Like most factories of this vintage, the plant’s sole remaining caretaker accompanied our team on this voyage through the cavernous main manufacturing facilities, now idled and no longer humming with the sound of production and the sweat of laborers toiling to meet demanding production schedules. Quite the contrary. Hard hit by the rapid decline in the American automotive industry, Delphi Automotive was on the eve of a bankruptcy filing. Consequently, this formerly thriving facility, which once supported thousands of workers and their families, appeared to be just another major brownfield destined to linger in the portfolio of a bankruptcy estate.
At the time of our site visit in June 2009, the property had been on the market for a number of years – yet no one was able to work through the significant challenges, both environmentally and from a development perspective, to make a redevelopment plan feasible. While this 121-acre site had a number of positive attributes, including the property’s proximity to a major interstate, the vacant plant also posed a number of redevelopment challenges, given then existing depressed market conditions.

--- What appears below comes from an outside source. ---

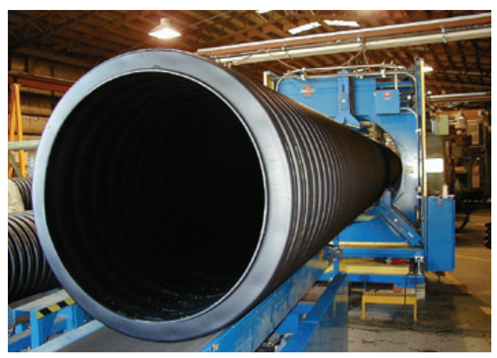
BOSS HDPE PIPE PRODUCTION USES ADVANCED MANUFACTURING TECHNOLOGY

Complex Environmental History
In this case, the site had a storied past of heavy manufacturing, commencing in 1945 until Delphi Automotive Systems, LLC closed the plant in 2007 and commenced plant decommissioning. Historically, the plant produced several automotive components, including door latches, door locks, window frames and other parts. Manufacturing operations at the plant included stamping, welding, painting, automated assembly molding, plating, heat treating and roll forming. Railroad tracks bisected the site and ran into the main manufacturing buildings, which also included several press areas, subsurface lubing systems, quench oil pits, furnaces and similar operations. The plant was powered by its own on-site power plant, which at one time was coal fired. Like partially eaten scoops of ice cream, the remnants of coal piles littered a large storage yard. As an added amenity, the majority of the remaining buildings had substantial quantities of asbestos-containing materials as part of the building insulation. Therefore, the deal at the time looked like a brownfield redeveloper’s perfect storm – a depressed real estate market, a large property with vast empty buildings replete with asbestos, and substantial, but not yet fully characterized, environmental issues, involving a seller in bankruptcy.